What the task asks:
Below are some records. Write out the lines from the one containing "Nationally, 41% of" to the last line, word for word, leaving out pictures.

Data records:
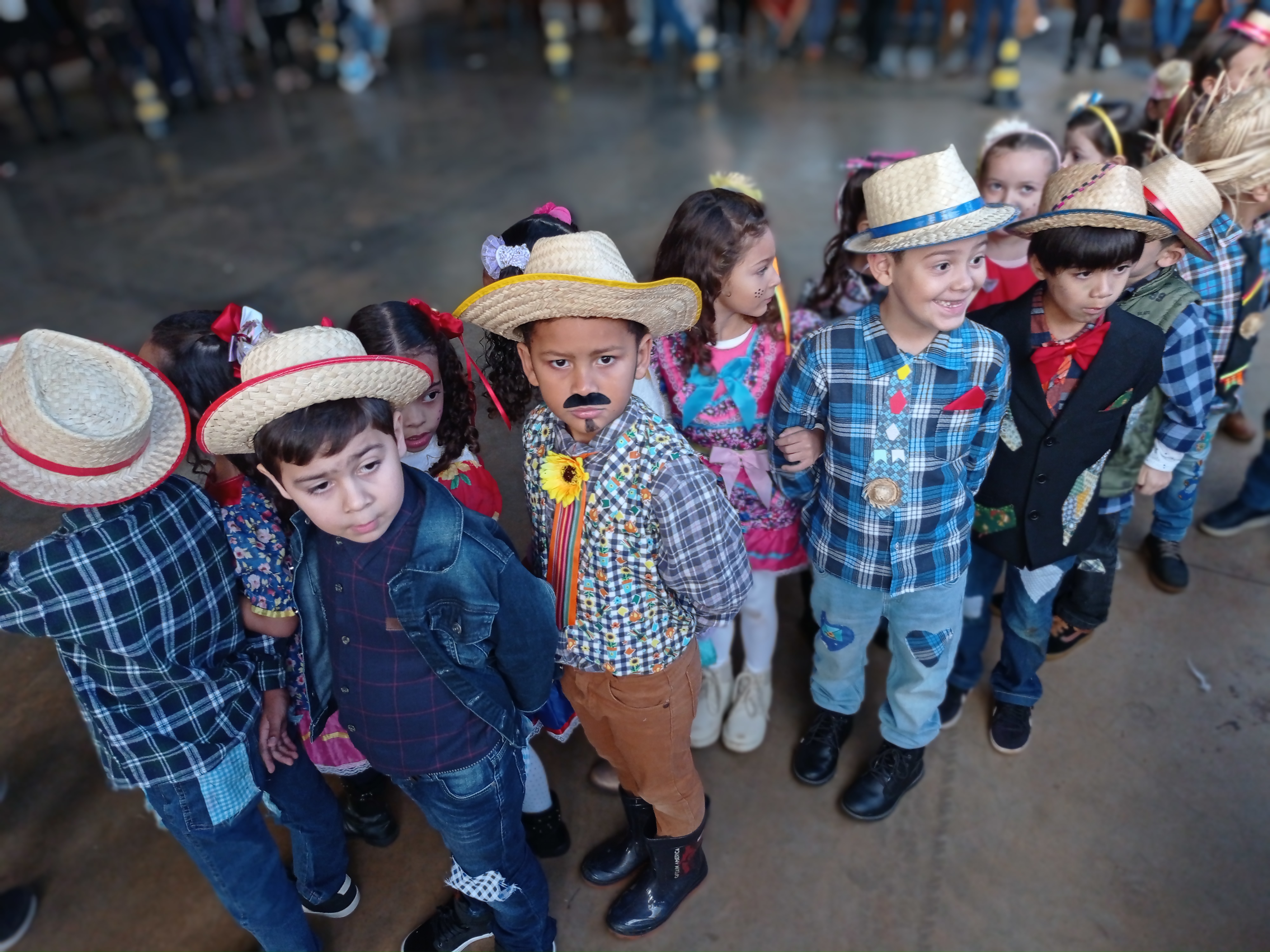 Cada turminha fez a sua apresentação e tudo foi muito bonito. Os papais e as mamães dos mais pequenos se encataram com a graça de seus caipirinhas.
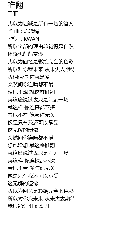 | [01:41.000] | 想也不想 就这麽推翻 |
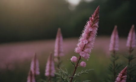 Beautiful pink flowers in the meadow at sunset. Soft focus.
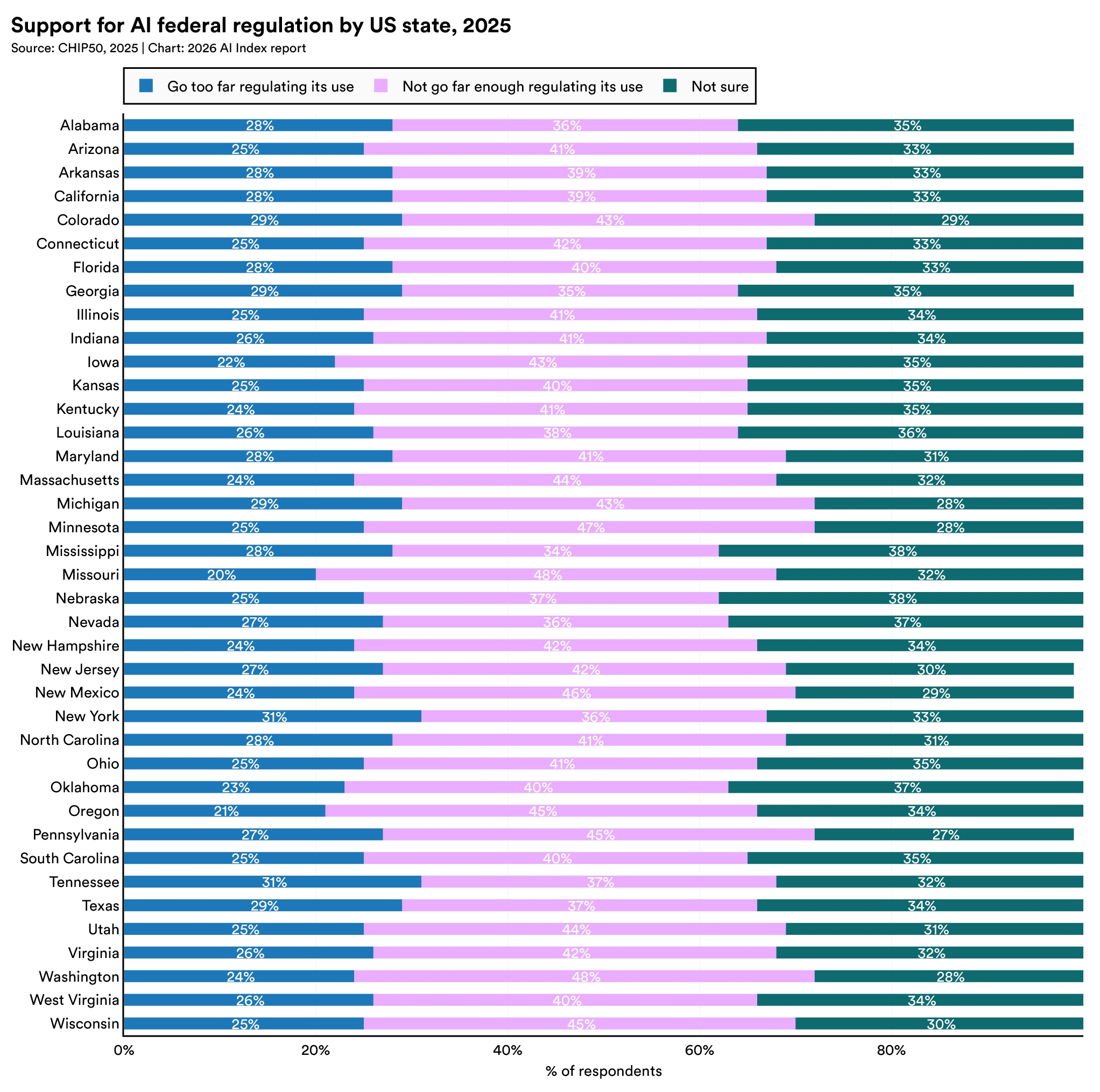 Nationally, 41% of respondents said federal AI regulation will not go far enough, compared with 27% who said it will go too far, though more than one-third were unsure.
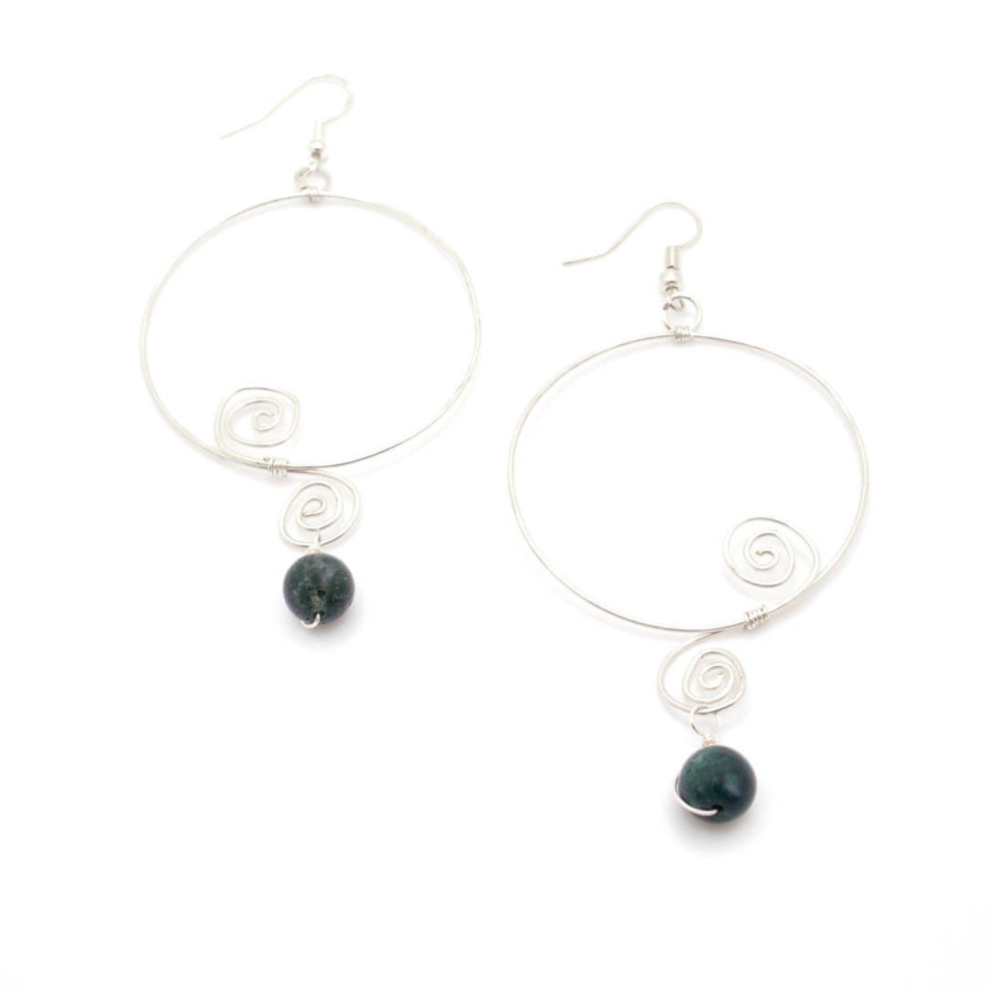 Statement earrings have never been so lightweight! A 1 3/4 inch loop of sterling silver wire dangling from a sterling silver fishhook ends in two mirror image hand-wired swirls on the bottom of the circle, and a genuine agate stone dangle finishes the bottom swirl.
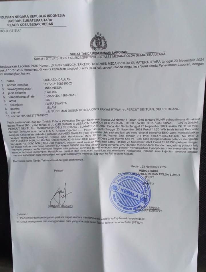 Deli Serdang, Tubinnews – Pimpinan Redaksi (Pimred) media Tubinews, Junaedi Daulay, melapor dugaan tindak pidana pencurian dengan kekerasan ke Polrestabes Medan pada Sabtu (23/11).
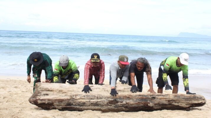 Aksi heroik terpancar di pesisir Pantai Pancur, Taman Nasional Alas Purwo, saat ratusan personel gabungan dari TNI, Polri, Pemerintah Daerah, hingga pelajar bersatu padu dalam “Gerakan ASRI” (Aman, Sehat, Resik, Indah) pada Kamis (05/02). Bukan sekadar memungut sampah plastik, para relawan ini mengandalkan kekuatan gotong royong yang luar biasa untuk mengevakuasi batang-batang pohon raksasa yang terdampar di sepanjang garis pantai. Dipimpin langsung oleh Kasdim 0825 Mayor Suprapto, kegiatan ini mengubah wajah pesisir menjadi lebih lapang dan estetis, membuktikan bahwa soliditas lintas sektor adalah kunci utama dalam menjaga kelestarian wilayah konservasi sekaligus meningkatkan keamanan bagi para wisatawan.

Answer space:
 Nationally, 41% of respondents said federal AI regulation will not go far enough, compared with 27% who said it will go too far, though more than one-third were unsure.
 Statement earrings have never been so lightweight! A 1 3/4 inch loop of sterling silver wire dangling from a sterling silver fishhook ends in two mirror image hand-wired swirls on the bottom of the circle, and a genuine agate stone dangle finishes the bottom swirl.
 Deli Serdang, Tubinnews – Pimpinan Redaksi (Pimred) media Tubinews, Junaedi Daulay, melapor dugaan tindak pidana pencurian dengan kekerasan ke Polrestabes Medan pada Sabtu (23/11).
 Aksi heroik terpancar di pesisir Pantai Pancur, Taman Nasional Alas Purwo, saat ratusan personel gabungan dari TNI, Polri, Pemerintah Daerah, hingga pelajar bersatu padu dalam “Gerakan ASRI” (Aman, Sehat, Resik, Indah) pada Kamis (05/02). Bukan sekadar memungut sampah plastik, para relawan ini mengandalkan kekuatan gotong royong yang luar biasa untuk mengevakuasi batang-batang pohon raksasa yang terdampar di sepanjang garis pantai. Dipimpin langsung oleh Kasdim 0825 Mayor Suprapto, kegiatan ini mengubah wajah pesisir menjadi lebih lapang dan estetis, membuktikan bahwa soliditas lintas sektor adalah kunci utama dalam menjaga kelestarian wilayah konservasi sekaligus meningkatkan keamanan bagi para wisatawan.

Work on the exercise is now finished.